Product/Service Development

Development of Electronic Mosquito Barriers (EMBs), which use high power pulsed electric fields to repel mosquitoes. Using pulsations that vary randomly in both strength and frequency, the EMBs create a mosquito-repelling force field. The unpredictability of the pulsations makes it nearly impossible for mosquitoes to learn or adapt to when, where, and with what force the electric field is coming.

Development of sandals that release highly effective, wide-area spatial mosquito repellents, creating full-time protection against both day-biting and night-biting mosquitoes at individual and household level. The low cost sandals provide protection against Dengue, Zika, Chikungunya and Malaria using hessian strips impregnated with highly effective and safe repellent, transfluthrin.

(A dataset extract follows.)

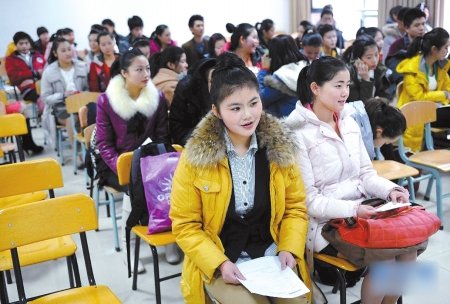 前天上午,記者在播音主持專業(yè)考場外看到,等待入場的帥哥美女一個個穿著專業(yè)的服裝,大多一改以往濃妝的形象,打扮自然清新,素顏以對。

Janos Zempleni of the University of Nebraska-Lincoln in the U.S. will test whether supplementing milk formula with exosomes from milk could have the potential to improve the growth of babies aged between 6 and 12 months and help protect them from infections. Exosomes are membrane-bound vesicles naturally present in all bodily fluids and are thought to transfer small molecules such as RNAs between different cells to regulate various cell functions. However, during the production of milk formula for babies, the exosomes are destroyed.

Matteo Rinaldi of Northeastern University in the U.S. will develop a miniaturized, maintenance-free chemical sensor that can detect specific volatile organic chemical vapors released from diseased crops as an effective surveillance system suitable for low-resource settings. Manual surveillance is time-consuming and requires prior knowledge of disease symptoms. Automated, sensor-based crop surveillance is far more effective, but relatively expensive, and the sensors constantly consume power, making them unsuitable for low-resource settings.

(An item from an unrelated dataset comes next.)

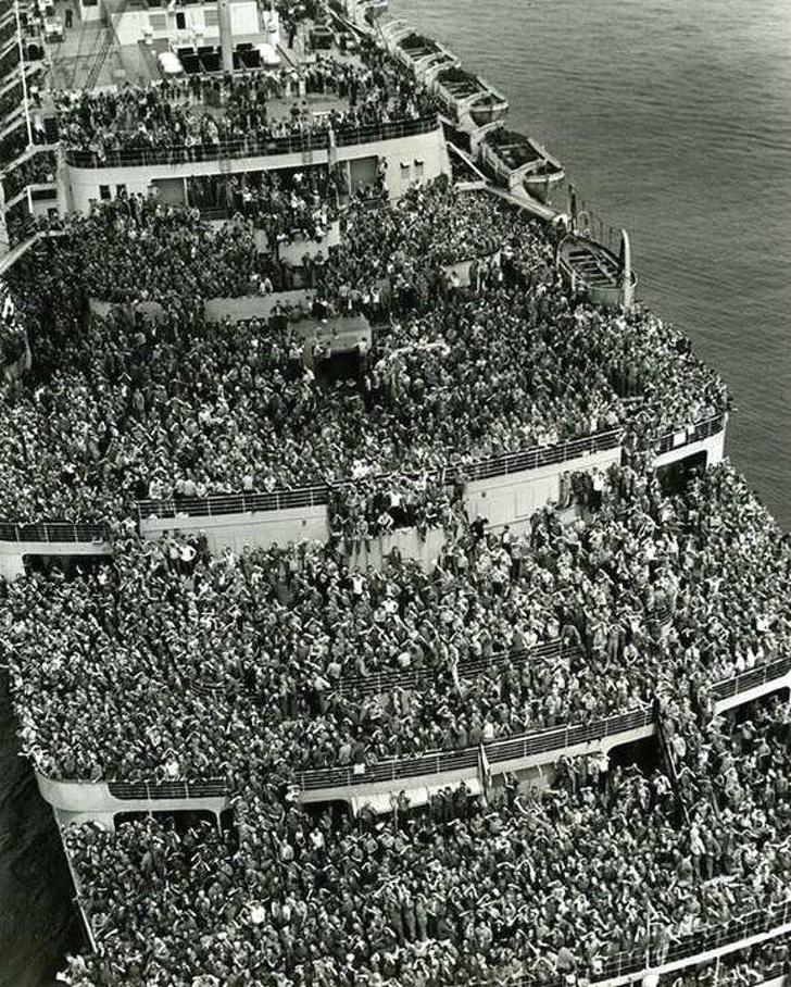 The liner Queen Elizabeth is filled with the American troops coming home from war. Wow!

David Hughes of Pennsylvania State University in the U.S. is leveraging real-time, high-resolution satellite imagery of smallholder farms along with artificial intelligence to automatically detect crop pests and diseases in Africa. In Phase I, together with Nita Bharti also of Penn State University in the U.S.

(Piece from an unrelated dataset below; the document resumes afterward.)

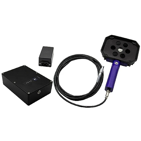 • Шесть высокомощных ультрафиолетовых светодиодов (UV-A LED) с длиной волны 365 нм позволяют осматривать большую поверхность с высокой интенсивностью освещения (5000 мкВт/кв.см на расстоянии 38мм в границах зоны диам.240мм).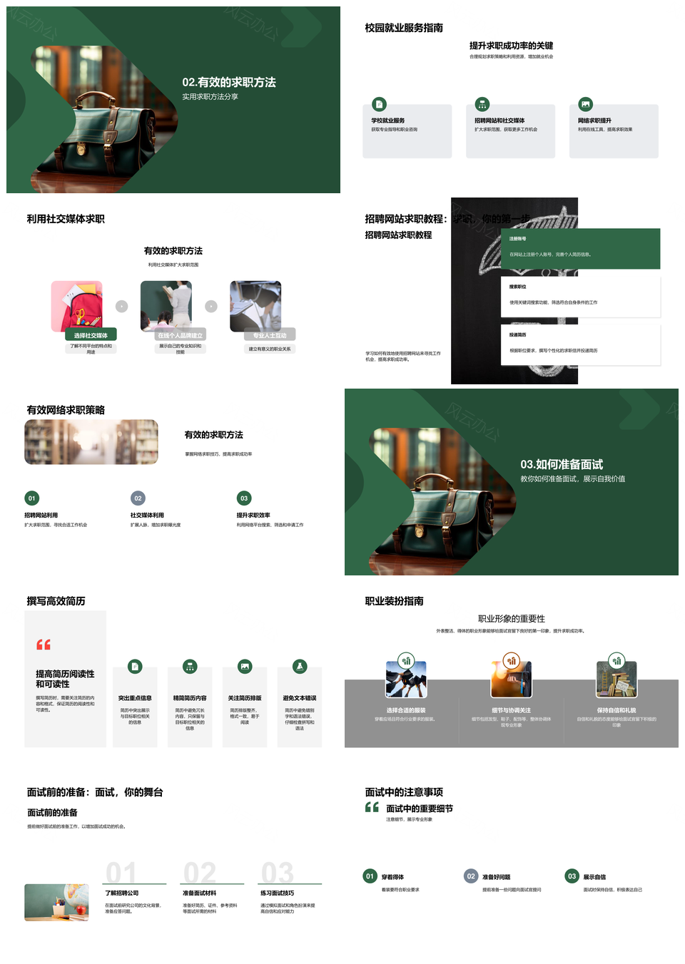 求职面试全攻略准备复盘问题应对策略礼仪解析PPT模板

Jan Kreuze of the International Potato Center in Peru will develop a low-cost, mobile phone-based diagnostic test for African farmers that uses artificial intelligence to quickly and accurately detect plant diseases such as cassava brown streak and banana bunchy top, which devastate crops and are threatening to spread. Accurately diagnosing plant diseases is difficult because visual symptoms can be highly variable. Artificial intelligence (AI) has shown promise for analyzing images of plants taken by mobile phone to detect diseases in low-resource settings, but it is not accurate enough.